*** DATASET SECTION Section Begins ***

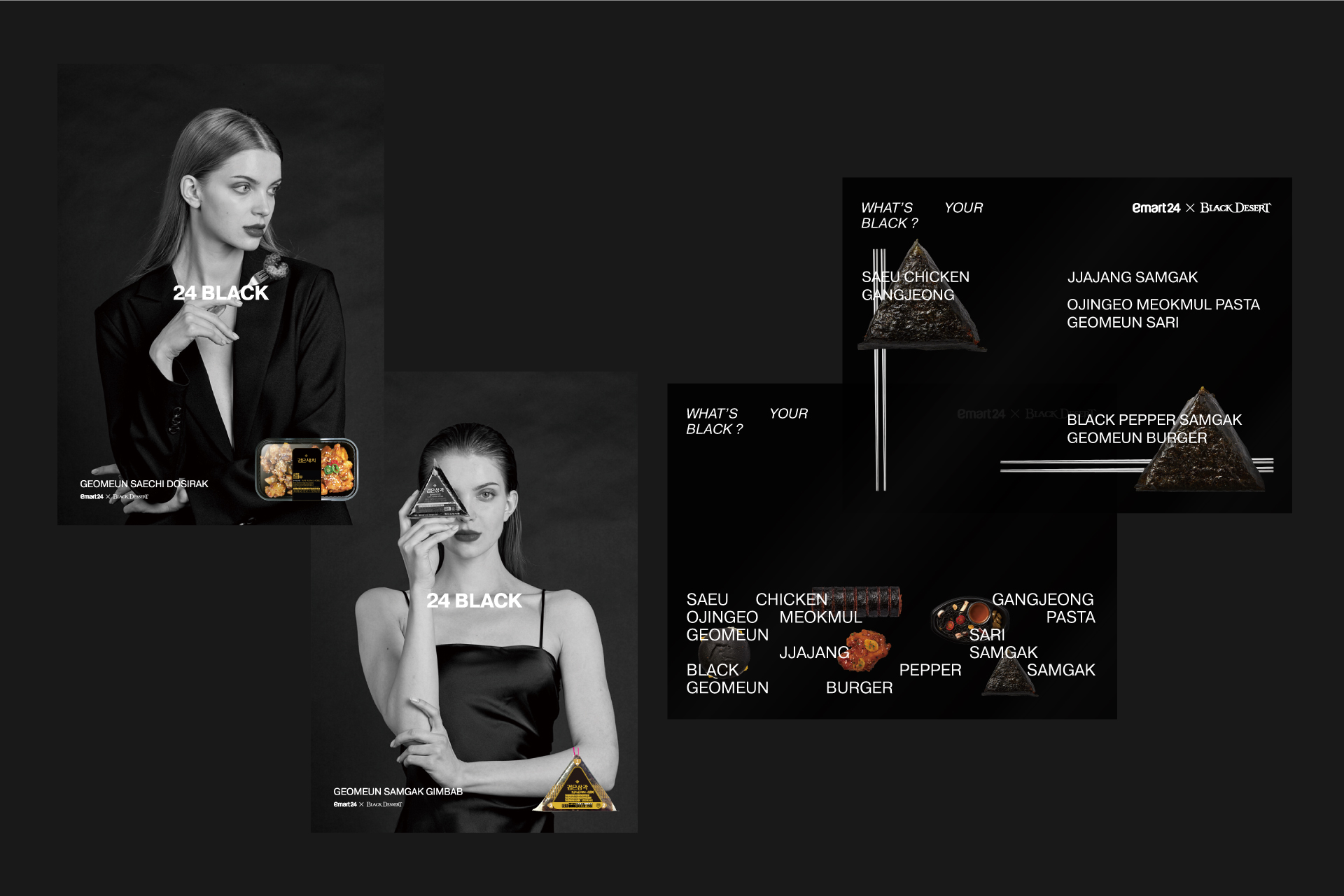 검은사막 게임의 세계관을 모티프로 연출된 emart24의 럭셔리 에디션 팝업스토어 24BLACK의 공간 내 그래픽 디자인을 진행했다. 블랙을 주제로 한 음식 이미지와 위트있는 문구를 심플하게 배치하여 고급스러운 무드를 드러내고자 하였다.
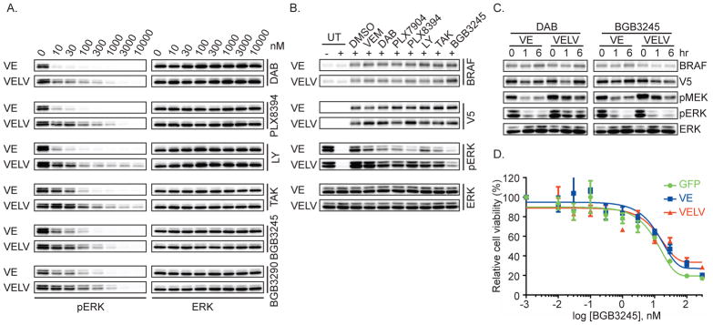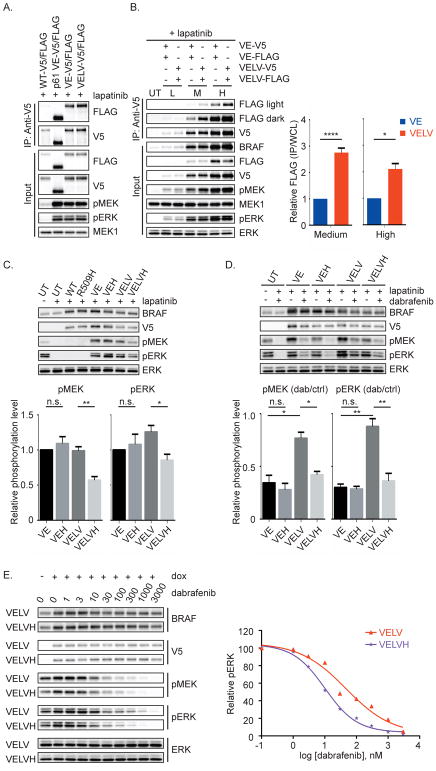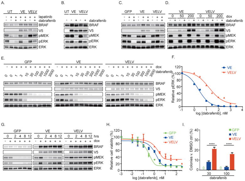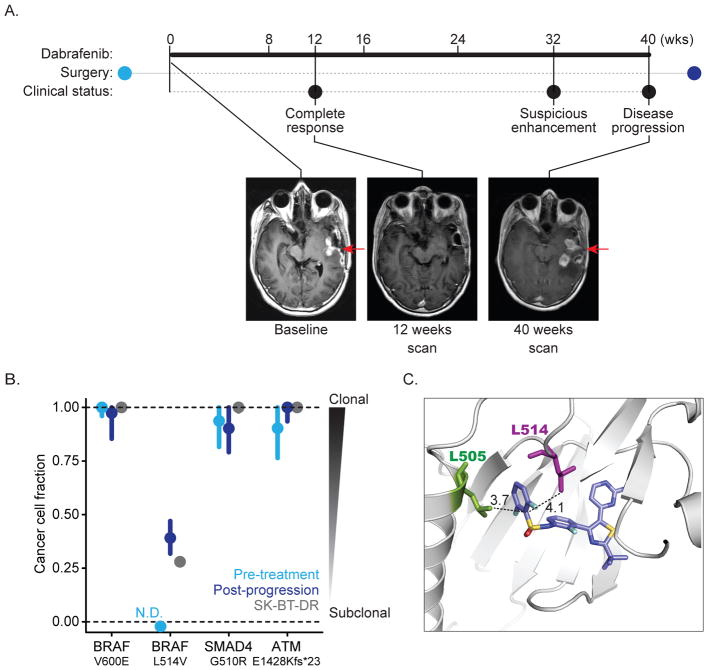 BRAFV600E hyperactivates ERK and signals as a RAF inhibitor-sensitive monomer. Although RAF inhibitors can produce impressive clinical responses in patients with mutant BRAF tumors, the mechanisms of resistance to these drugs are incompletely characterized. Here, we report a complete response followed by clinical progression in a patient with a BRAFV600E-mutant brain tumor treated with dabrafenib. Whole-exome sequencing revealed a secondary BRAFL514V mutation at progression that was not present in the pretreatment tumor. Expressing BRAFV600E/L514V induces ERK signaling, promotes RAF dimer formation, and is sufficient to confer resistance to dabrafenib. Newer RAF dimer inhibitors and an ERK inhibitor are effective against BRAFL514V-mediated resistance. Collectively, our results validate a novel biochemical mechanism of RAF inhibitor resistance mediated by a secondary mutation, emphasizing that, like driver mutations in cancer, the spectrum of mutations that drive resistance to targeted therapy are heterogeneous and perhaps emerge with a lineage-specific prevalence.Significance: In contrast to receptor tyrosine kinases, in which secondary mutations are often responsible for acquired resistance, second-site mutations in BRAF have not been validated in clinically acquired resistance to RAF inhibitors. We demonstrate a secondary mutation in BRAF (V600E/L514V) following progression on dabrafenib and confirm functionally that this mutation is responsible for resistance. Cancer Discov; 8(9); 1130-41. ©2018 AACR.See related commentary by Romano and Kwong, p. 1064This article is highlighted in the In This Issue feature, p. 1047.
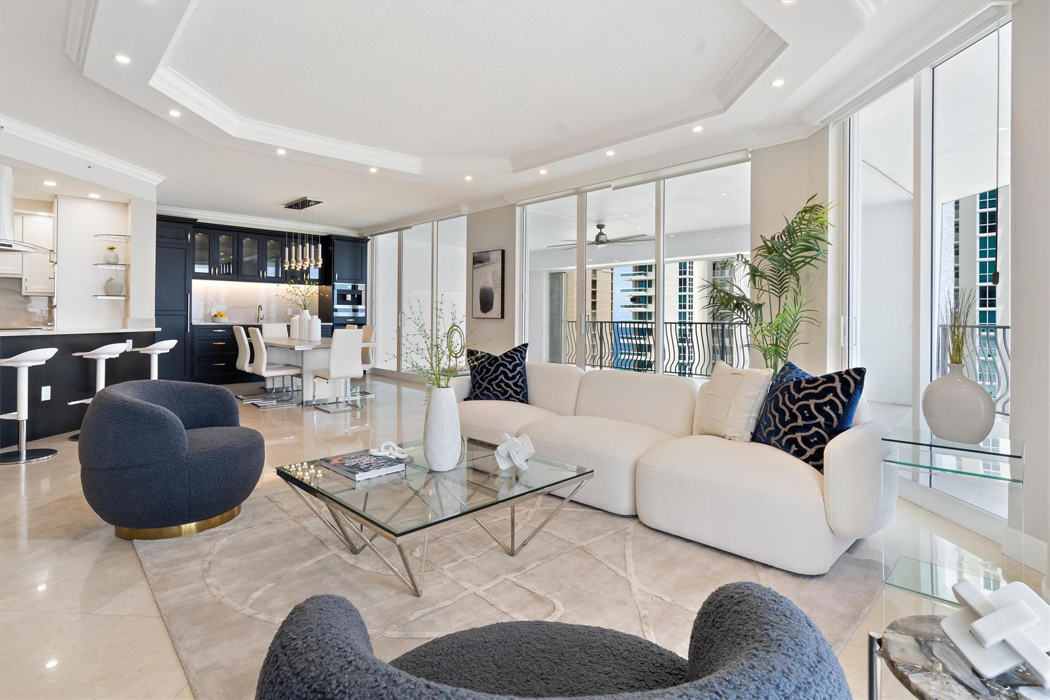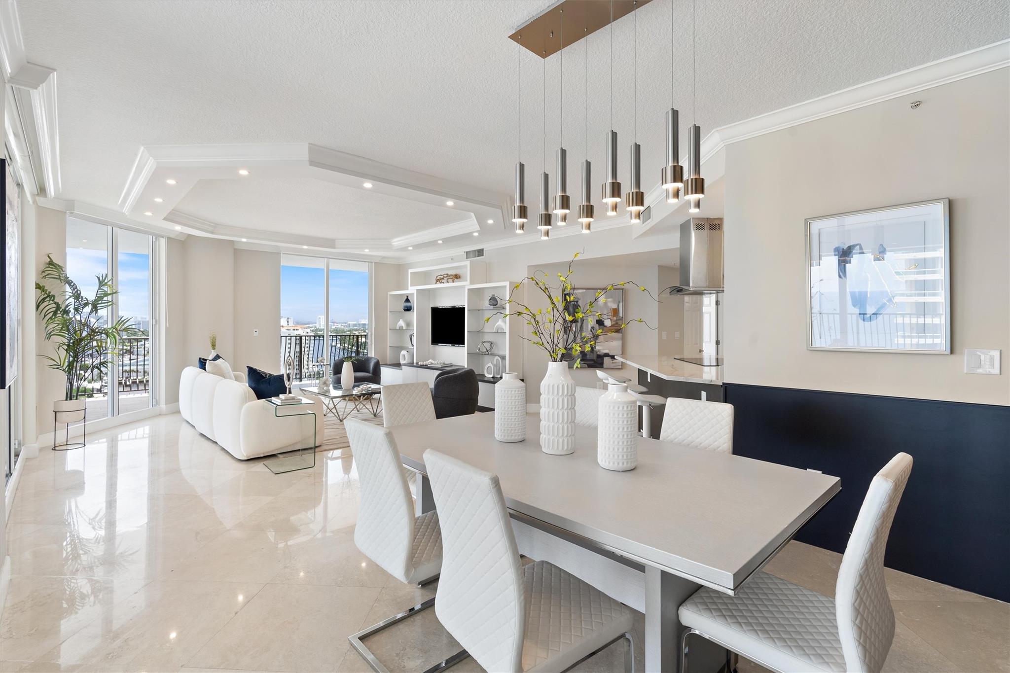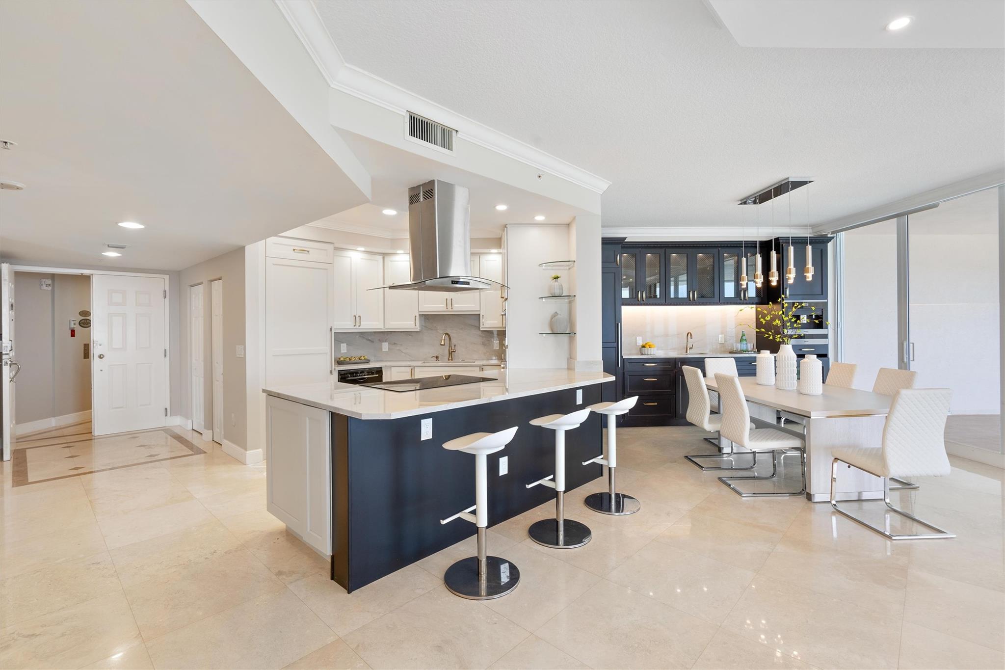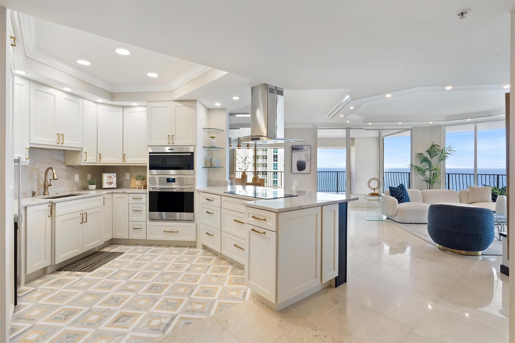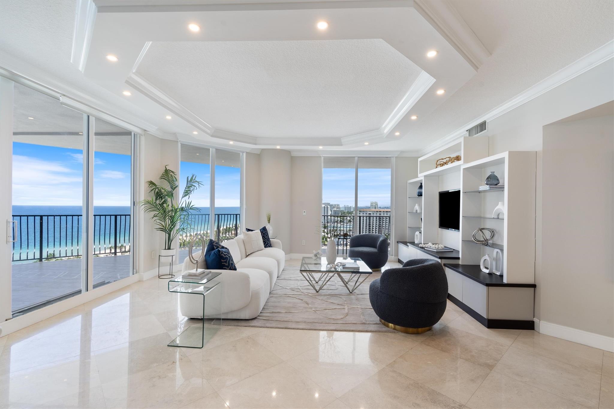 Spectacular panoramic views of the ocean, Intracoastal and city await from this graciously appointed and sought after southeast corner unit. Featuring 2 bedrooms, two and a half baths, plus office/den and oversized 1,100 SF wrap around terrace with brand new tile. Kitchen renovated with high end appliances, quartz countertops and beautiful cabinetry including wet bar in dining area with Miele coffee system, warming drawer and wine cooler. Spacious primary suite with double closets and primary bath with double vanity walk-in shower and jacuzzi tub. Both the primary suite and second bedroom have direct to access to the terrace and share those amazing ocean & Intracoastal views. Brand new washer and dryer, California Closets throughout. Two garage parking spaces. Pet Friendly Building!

*** DATASET SECTION Section Ends ***

• DESCRIPTION OF THE TASK:
Return the whole of the material above exactly, with no picture carried over.

• RESPONSE:
 검은사막 게임의 세계관을 모티프로 연출된 emart24의 럭셔리 에디션 팝업스토어 24BLACK의 공간 내 그래픽 디자인을 진행했다. 블랙을 주제로 한 음식 이미지와 위트있는 문구를 심플하게 배치하여 고급스러운 무드를 드러내고자 하였다.
 BRAFV600E hyperactivates ERK and signals as a RAF inhibitor-sensitive monomer. Although RAF inhibitors can produce impressive clinical responses in patients with mutant BRAF tumors, the mechanisms of resistance to these drugs are incompletely characterized. Here, we report a complete response followed by clinical progression in a patient with a BRAFV600E-mutant brain tumor treated with dabrafenib. Whole-exome sequencing revealed a secondary BRAFL514V mutation at progression that was not present in the pretreatment tumor. Expressing BRAFV600E/L514V induces ERK signaling, promotes RAF dimer formation, and is sufficient to confer resistance to dabrafenib. Newer RAF dimer inhibitors and an ERK inhibitor are effective against BRAFL514V-mediated resistance. Collectively, our results validate a novel biochemical mechanism of RAF inhibitor resistance mediated by a secondary mutation, emphasizing that, like driver mutations in cancer, the spectrum of mutations that drive resistance to targeted therapy are heterogeneous and perhaps emerge with a lineage-specific prevalence.Significance: In contrast to receptor tyrosine kinases, in which secondary mutations are often responsible for acquired resistance, second-site mutations in BRAF have not been validated in clinically acquired resistance to RAF inhibitors. We demonstrate a secondary mutation in BRAF (V600E/L514V) following progression on dabrafenib and confirm functionally that this mutation is responsible for resistance. Cancer Discov; 8(9); 1130-41. ©2018 AACR.See related commentary by Romano and Kwong, p. 1064This article is highlighted in the In This Issue feature, p. 1047.
 Spectacular panoramic views of the ocean, Intracoastal and city await from this graciously appointed and sought after southeast corner unit. Featuring 2 bedrooms, two and a half baths, plus office/den and oversized 1,100 SF wrap around terrace with brand new tile. Kitchen renovated with high end appliances, quartz countertops and beautiful cabinetry including wet bar in dining area with Miele coffee system, warming drawer and wine cooler. Spacious primary suite with double closets and primary bath with double vanity walk-in shower and jacuzzi tub. Both the primary suite and second bedroom have direct to access to the terrace and share those amazing ocean & Intracoastal views. Brand new washer and dryer, California Closets throughout. Two garage parking spaces. Pet Friendly Building!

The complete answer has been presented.